- [What is being asked]: Leave every picture out and give back the lines below from the first through the line that holds "Подстолье - алюминиевая", exactly as written.

----------------------------------------

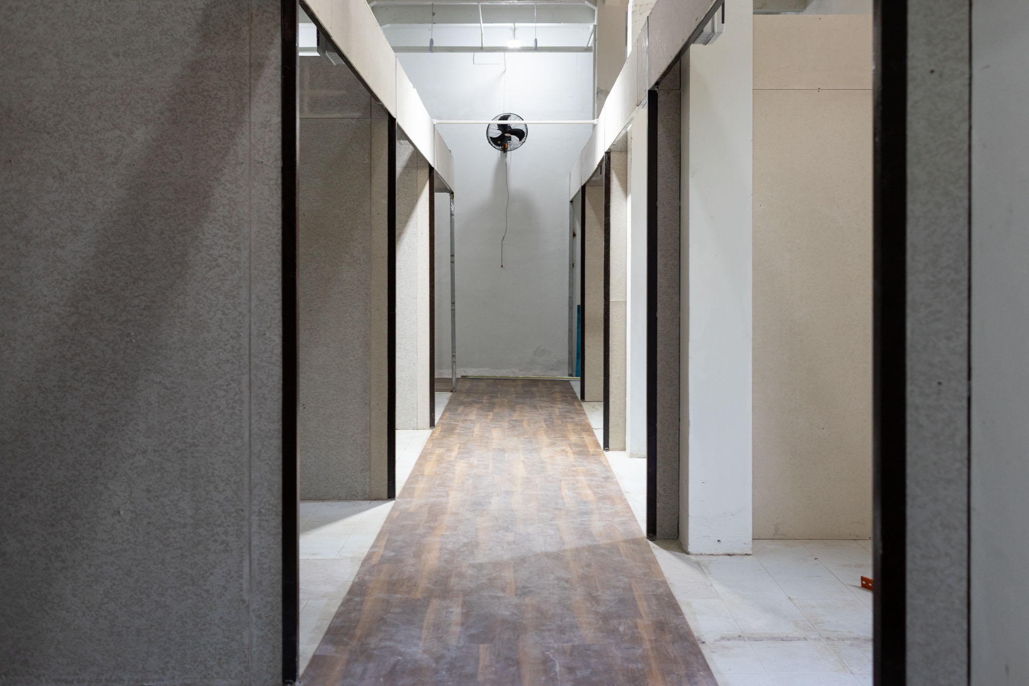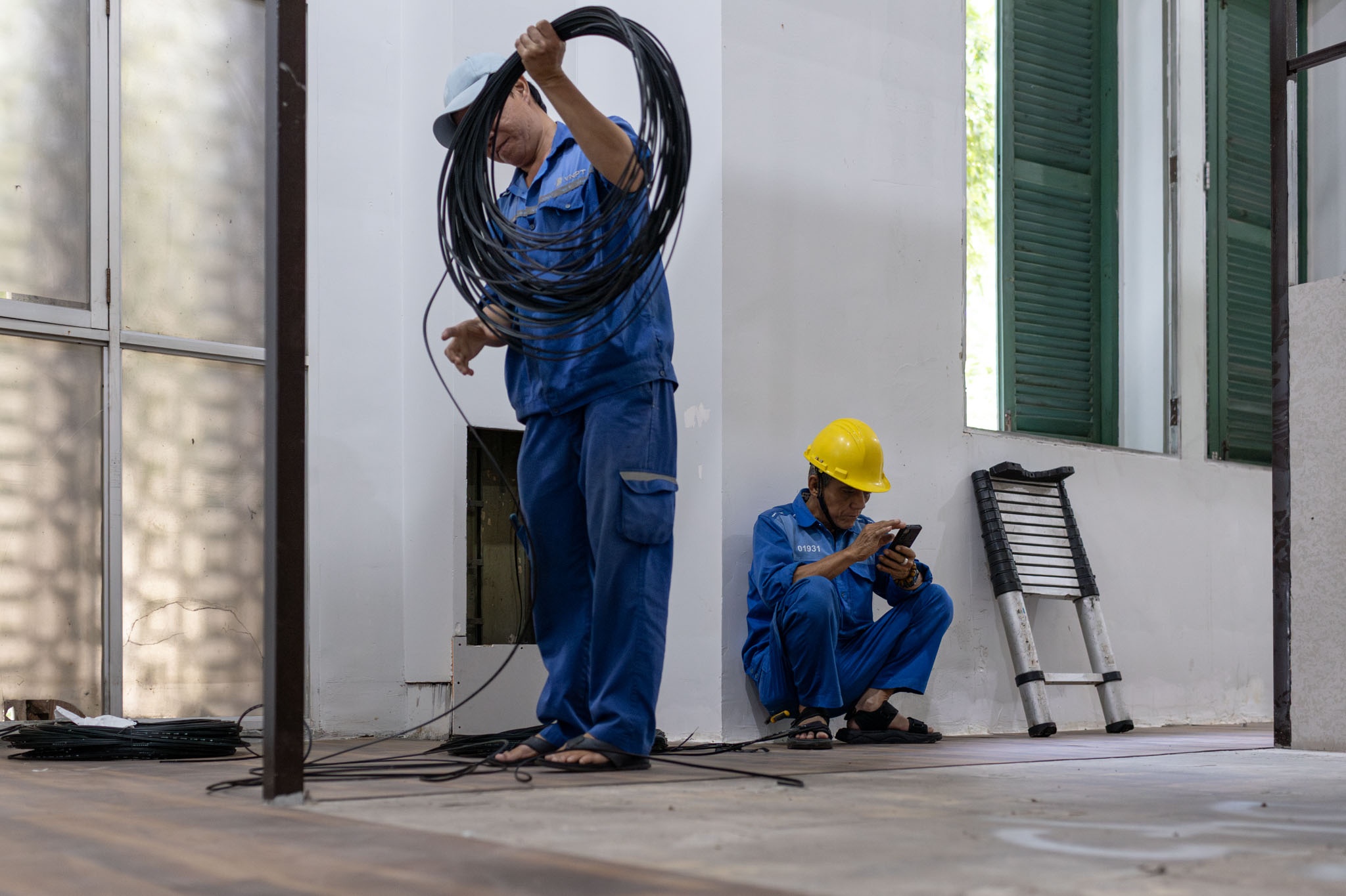 Trong hình, công nhân đang lắp đặt đường truyền Internet trên tầng hai. Ngoài ra, ghi nhận ngày 6/10, các công nhân thực hiện thi công, lắp đặt hệ thống PCCC tại tầng hầm.
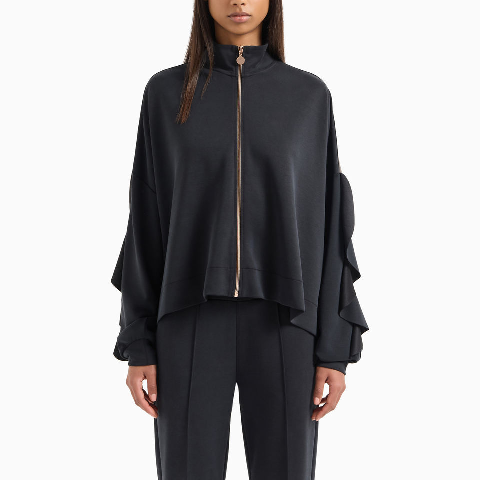Combinaison de survêtement zippé en mélange de modal extensible précieux bras ondulés drapés High Street Fashion nouveauté survêtements
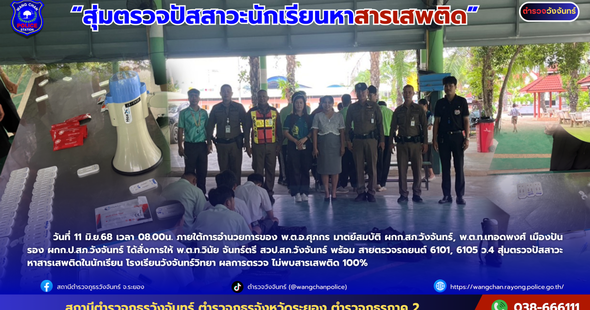 วันที่ 11 มิ.ย.68 เวลา 08.00น. ภายใต้การอำนวยการของ พ.ต.อ.ศุภกร มาตย์สมบัติ ผกก.สภ.วังจันทร์, พ.ต.ท.เทอดพงศ์ เมืองปัน รอง ผกก.ป.สภ.วังจันทร์ ได้สั่งการให้ พ.ต.ท.วินัย จันทร์ตรี สวป.สภ.วังจันทร์ พร้อม สายตรวจรถยนต์ 6101, 6105 ว.4 สุ่มตรวจปัสสาวะหาสารเสพติดในนักเรียน โรงเรียนวังจันทร์วิทยา ผลการตรวจ ไม่พบสารเสพติด 100%
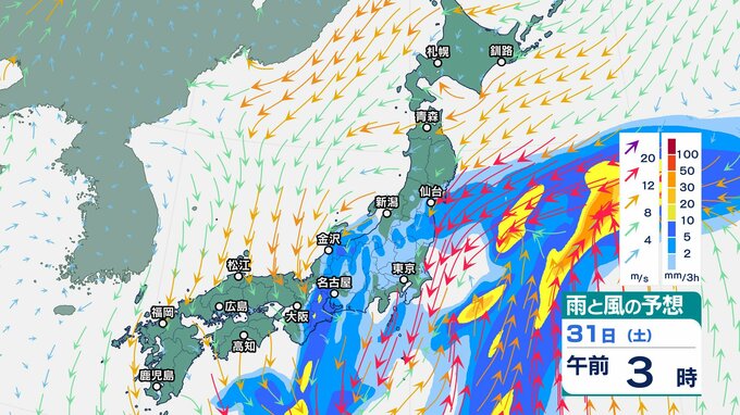 ニュースクリップ 【気象情報】伊豆諸島 31日明け方まで大雨に警戒【雨と風のシミュレーション】発達中の低気圧 31日朝にかけて関東の東へ 2025年5月30日(金) 10:57 国内 天気 31日(土)雨と風のシミュレーション
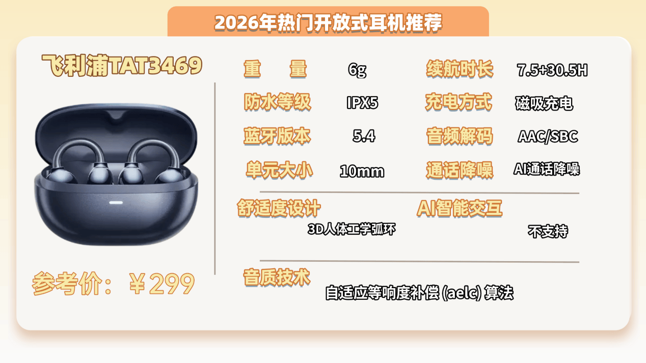 推荐二:飞利浦TAT3469开放式耳机 (299元)
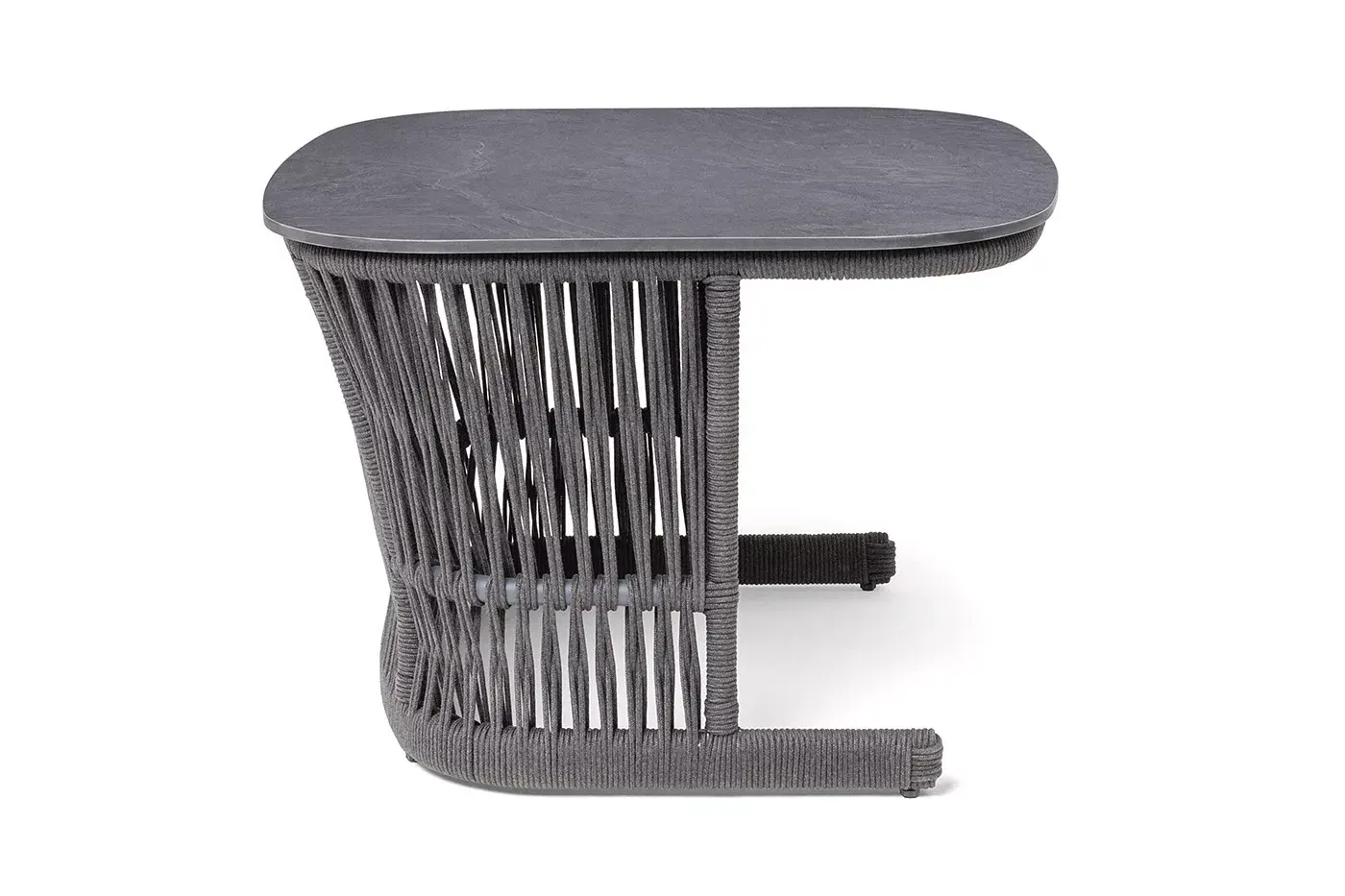 Подстолье - алюминиевая профильная труба, окрашенная износостойкой краской в темно-серый цвет. Нижняя часть задекорирована эластичными синтетическими лентами, состоящими из высокопрочных полиэфирных волокон, аналогичного оттенка.
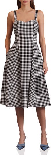 A sweetheart neckline enhances the flattering fit-and-flare shape of this charming midi dress animated by a kitschy print and finished with handy pockets for everyday ease.
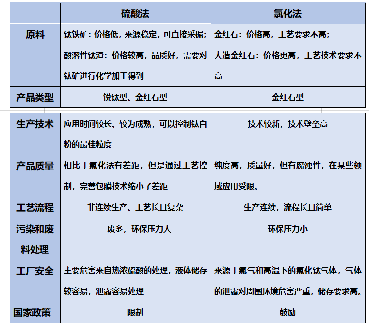 硫酸法和氯化法工藝對比
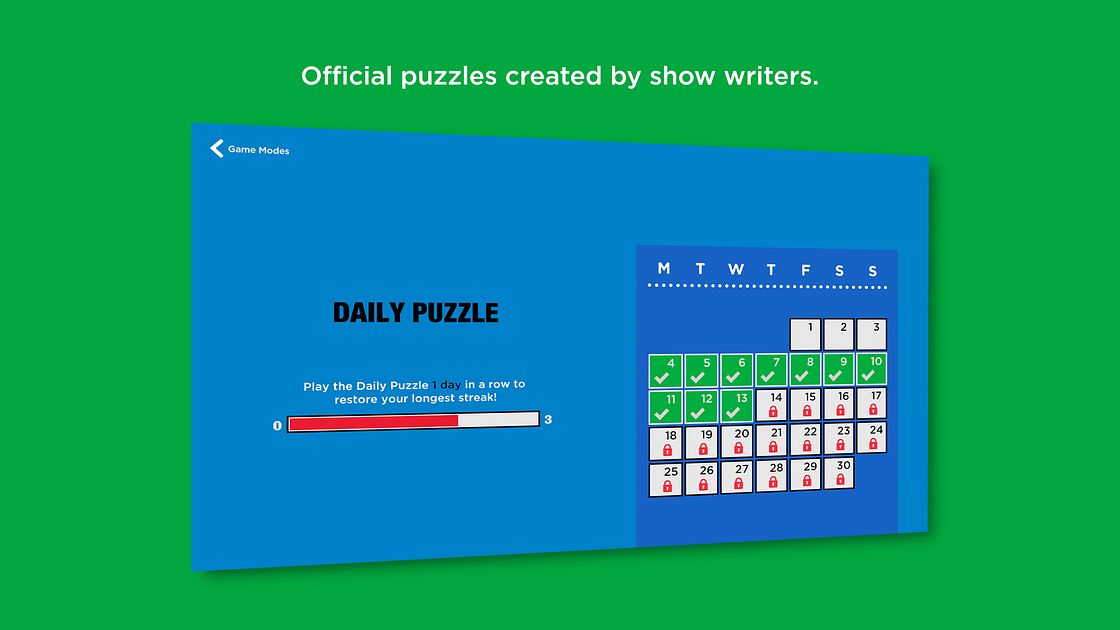 • New Puzzles Every Day: Fresh word games written by the show’s creators, featuring thousands of puzzles across favorite categories like PEOPLE, PLACES, THINGS, and FUN & GAMES.
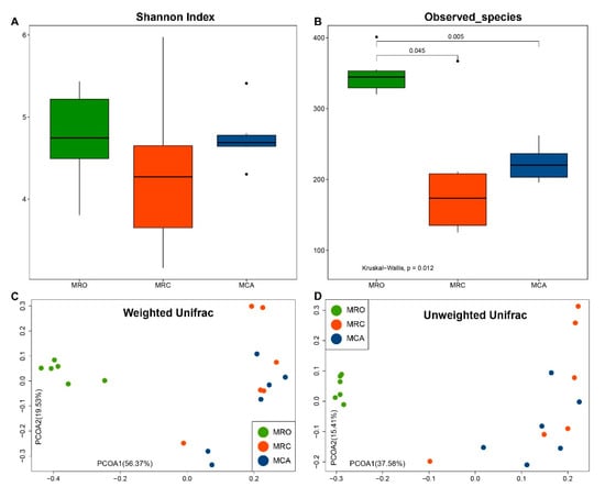 The early supplementary solid diet impacted on Alpha and Beta diversity of rumen microbiome in goat kids. (A,B) The Shannon Index and Observed species. Alpha diversity of the rumen microbial data were tested using the Kruskal-Wallis test and a post-hoc Dunn Kruskal-Wallis multiple comparison, and the Bonferroni method was used for p value correction. Principal coordinate analysis (PCoA) of the community membership based on the weighted (C) and unweighted (D) UniFrac distance are depicted with the green cycles as the MROgroup, the red cycles as the MRC group and the blue cycles as the MCA group. Although diversity (Shannon index) was not different (p = 0.372), significance of microbial richness was observed among MRO, MRC and MCA groups of rumen samples (p = 0.012). Significances in community structure among the 3 groups were detected (Weighted Unifrac ANOSIM, R = 0.68, p < 0.05; UnWeighted Unifrac ANOSIM, R = 0.69, p = 0.001). The MRO formed a distinct cluster on the left side, while the MRC and MCA were closely clustered on the right side of the PCoA plot. MRO = milk replacer; MRC = milk replacer + concentrate; MCA = milk replacer + concentrate + alfalfa; ANOSIM: Analysis of similarity.
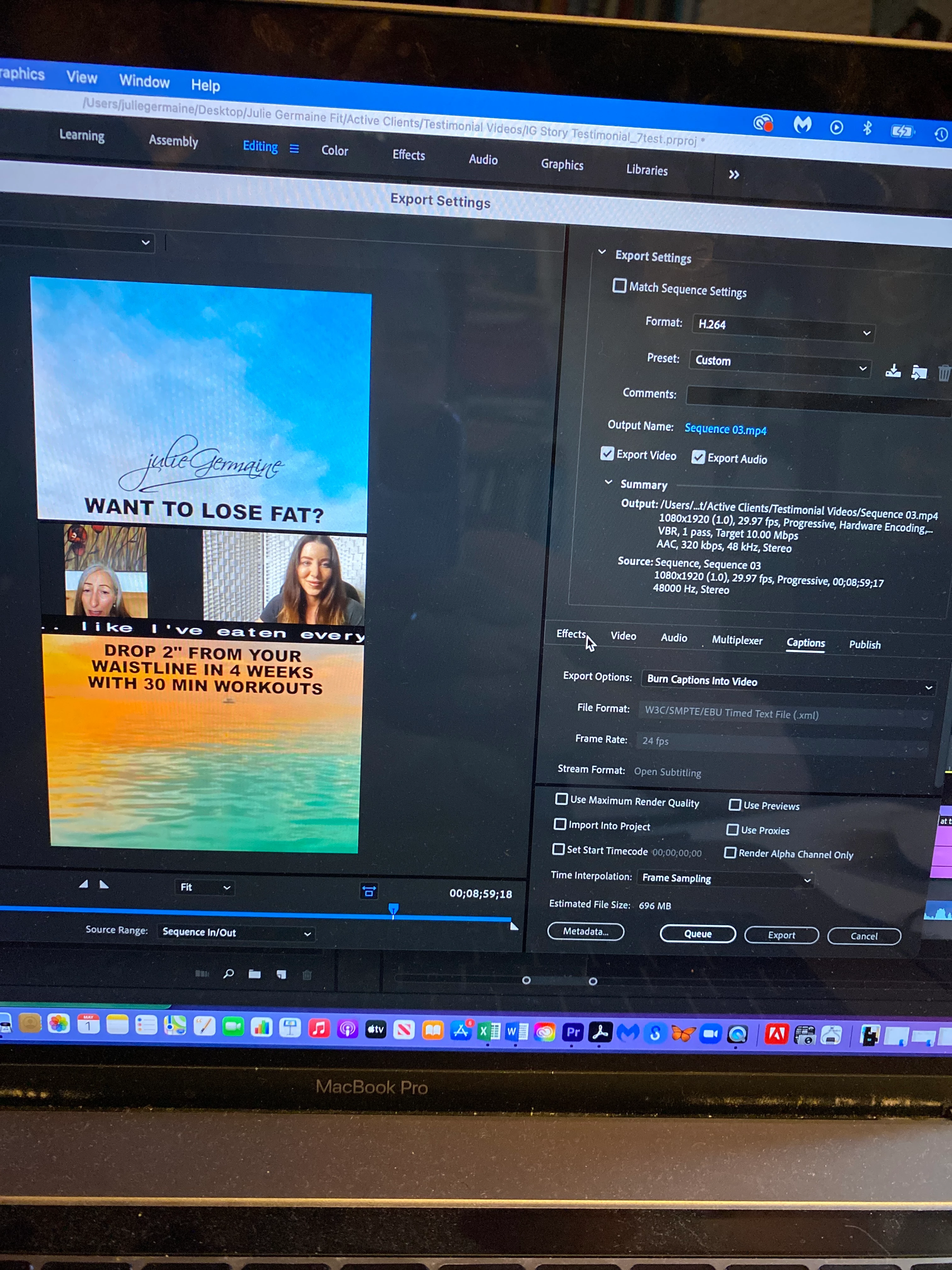 I've spent the time creating Open Subtitling for my eight minute long video and on export, when I select to Burn Captions into Video the formatting changes, so the subtitles that fit nicely within my 1080 x 1920 video size (intended for Instagram stories) are far too wide.

----------------------------------------

- [Exercise solution]:
 Trong hình, công nhân đang lắp đặt đường truyền Internet trên tầng hai. Ngoài ra, ghi nhận ngày 6/10, các công nhân thực hiện thi công, lắp đặt hệ thống PCCC tại tầng hầm.
Combinaison de survêtement zippé en mélange de modal extensible précieux bras ondulés drapés High Street Fashion nouveauté survêtements
 วันที่ 11 มิ.ย.68 เวลา 08.00น. ภายใต้การอำนวยการของ พ.ต.อ.ศุภกร มาตย์สมบัติ ผกก.สภ.วังจันทร์, พ.ต.ท.เทอดพงศ์ เมืองปัน รอง ผกก.ป.สภ.วังจันทร์ ได้สั่งการให้ พ.ต.ท.วินัย จันทร์ตรี สวป.สภ.วังจันทร์ พร้อม สายตรวจรถยนต์ 6101, 6105 ว.4 สุ่มตรวจปัสสาวะหาสารเสพติดในนักเรียน โรงเรียนวังจันทร์วิทยา ผลการตรวจ ไม่พบสารเสพติด 100%
 ニュースクリップ 【気象情報】伊豆諸島 31日明け方まで大雨に警戒【雨と風のシミュレーション】発達中の低気圧 31日朝にかけて関東の東へ 2025年5月30日(金) 10:57 国内 天気 31日(土)雨と風のシミュレーション
 推荐二:飞利浦TAT3469开放式耳机 (299元)
 Подстолье - алюминиевая профильная труба, окрашенная износостойкой краской в темно-серый цвет. Нижняя часть задекорирована эластичными синтетическими лентами, состоящими из высокопрочных полиэфирных волокон, аналогичного оттенка.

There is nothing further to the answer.